* Given data *
▼
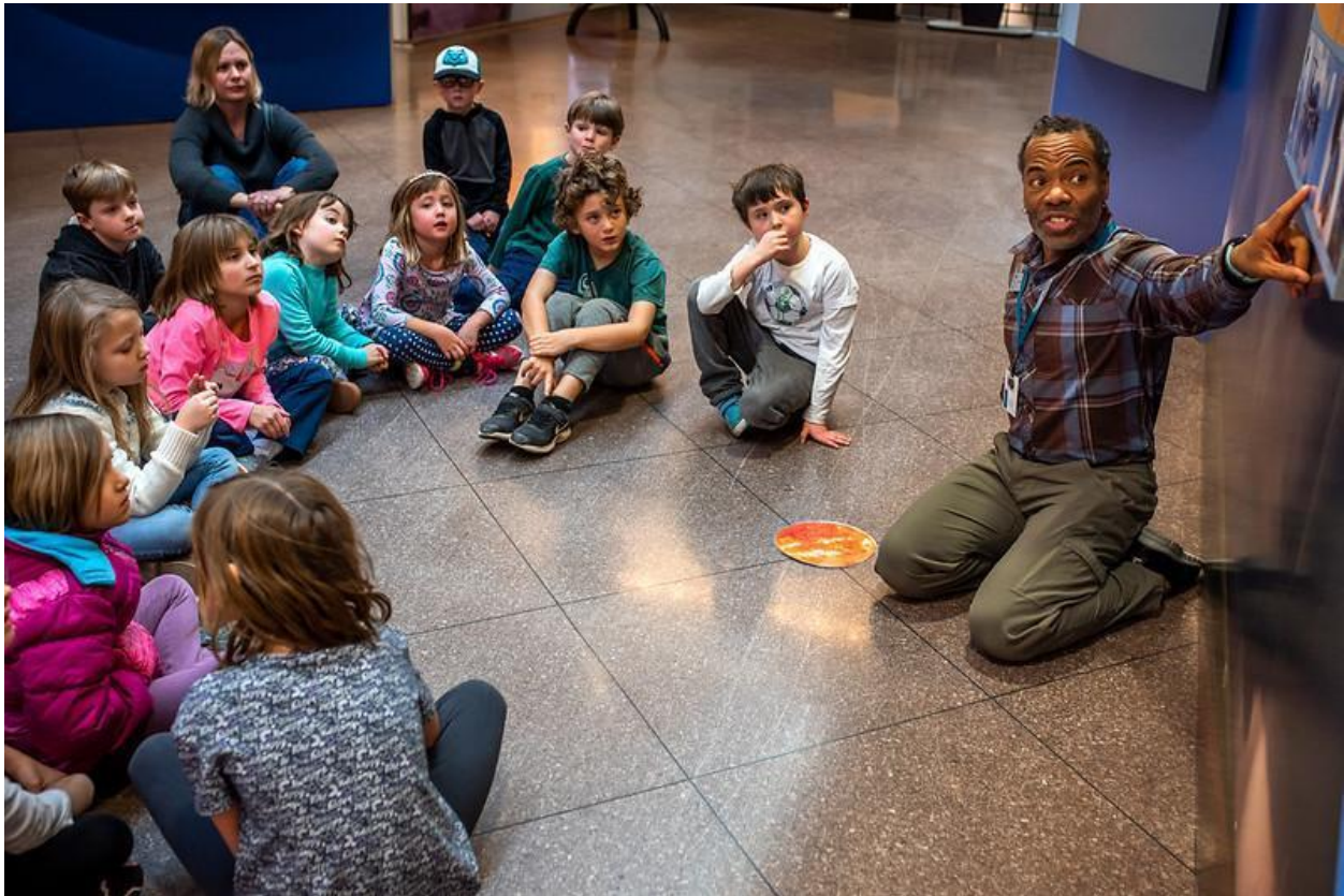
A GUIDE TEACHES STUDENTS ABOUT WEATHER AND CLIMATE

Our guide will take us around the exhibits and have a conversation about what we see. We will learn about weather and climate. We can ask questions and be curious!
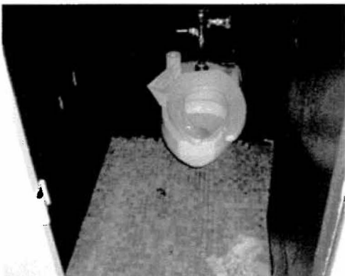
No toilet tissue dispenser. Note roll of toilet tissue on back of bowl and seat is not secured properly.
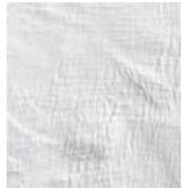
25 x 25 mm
▲
▼
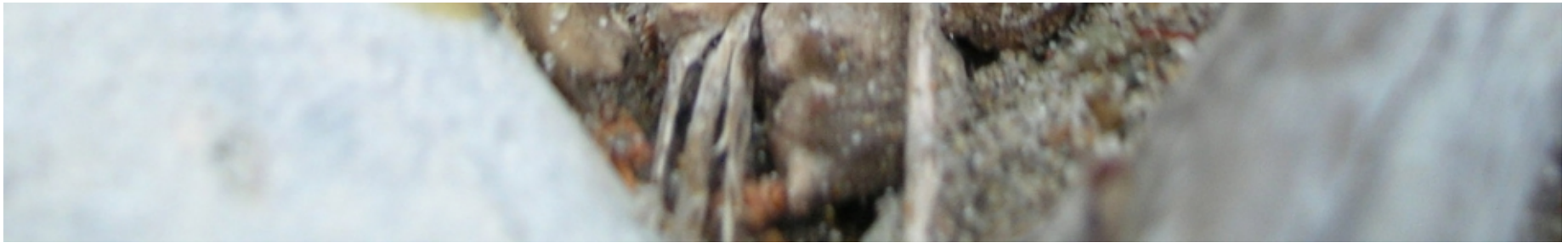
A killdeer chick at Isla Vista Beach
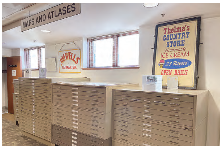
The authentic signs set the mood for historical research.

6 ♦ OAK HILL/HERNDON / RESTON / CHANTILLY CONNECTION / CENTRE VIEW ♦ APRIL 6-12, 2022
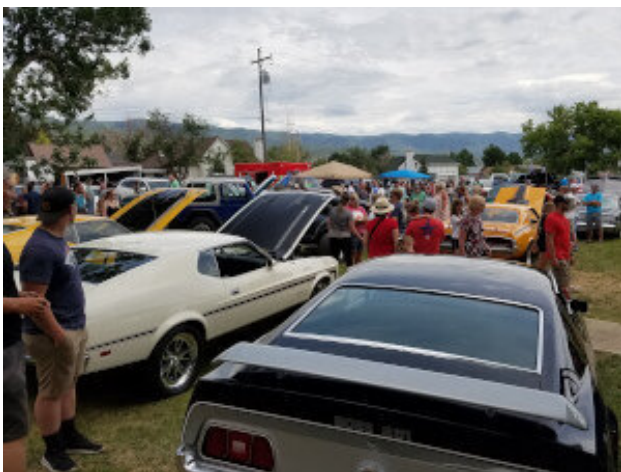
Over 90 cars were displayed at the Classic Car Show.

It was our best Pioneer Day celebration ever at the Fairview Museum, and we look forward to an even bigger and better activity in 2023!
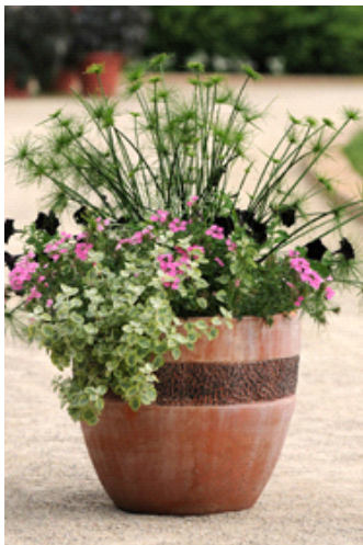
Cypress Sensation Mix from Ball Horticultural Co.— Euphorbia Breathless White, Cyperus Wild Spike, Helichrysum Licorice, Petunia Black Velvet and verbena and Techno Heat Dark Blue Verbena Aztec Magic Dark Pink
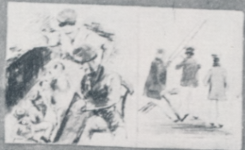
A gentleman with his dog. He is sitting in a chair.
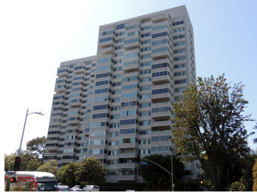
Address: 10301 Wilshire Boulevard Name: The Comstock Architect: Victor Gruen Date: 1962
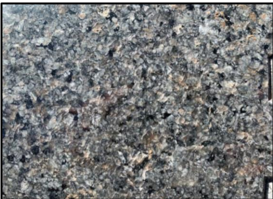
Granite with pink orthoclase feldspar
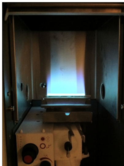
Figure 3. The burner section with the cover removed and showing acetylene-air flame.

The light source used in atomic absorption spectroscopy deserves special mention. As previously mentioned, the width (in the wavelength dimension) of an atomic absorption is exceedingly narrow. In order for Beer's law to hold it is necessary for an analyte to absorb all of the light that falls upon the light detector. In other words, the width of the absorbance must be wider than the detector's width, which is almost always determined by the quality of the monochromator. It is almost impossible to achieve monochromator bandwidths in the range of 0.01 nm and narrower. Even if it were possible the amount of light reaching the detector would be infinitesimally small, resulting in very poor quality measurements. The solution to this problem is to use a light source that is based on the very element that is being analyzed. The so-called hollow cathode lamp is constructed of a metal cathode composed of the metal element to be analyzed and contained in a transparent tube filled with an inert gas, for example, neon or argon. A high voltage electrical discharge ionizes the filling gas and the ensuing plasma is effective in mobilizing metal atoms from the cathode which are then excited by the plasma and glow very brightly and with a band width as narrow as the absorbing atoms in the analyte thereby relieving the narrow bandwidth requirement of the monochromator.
▲
* Task *
From the data above, return only the lines starting at the line that holds "A killdeer chick at Isla Vista Beach" and ending at the line that holds "Granite with pink orthoclase feldspar", word for word and without pictures.

* Expected answer *
A killdeer chick at Isla Vista Beach
The authentic signs set the mood for historical research.

6 ♦ OAK HILL/HERNDON / RESTON / CHANTILLY CONNECTION / CENTRE VIEW ♦ APRIL 6-12, 2022
Over 90 cars were displayed at the Classic Car Show.

It was our best Pioneer Day celebration ever at the Fairview Museum, and we look forward to an even bigger and better activity in 2023!
Cypress Sensation Mix from Ball Horticultural Co.— Euphorbia Breathless White, Cyperus Wild Spike, Helichrysum Licorice, Petunia Black Velvet and verbena and Techno Heat Dark Blue Verbena Aztec Magic Dark Pink
A gentleman with his dog. He is sitting in a chair.
Address: 10301 Wilshire Boulevard Name: The Comstock Architect: Victor Gruen Date: 1962
Granite with pink orthoclase feldspar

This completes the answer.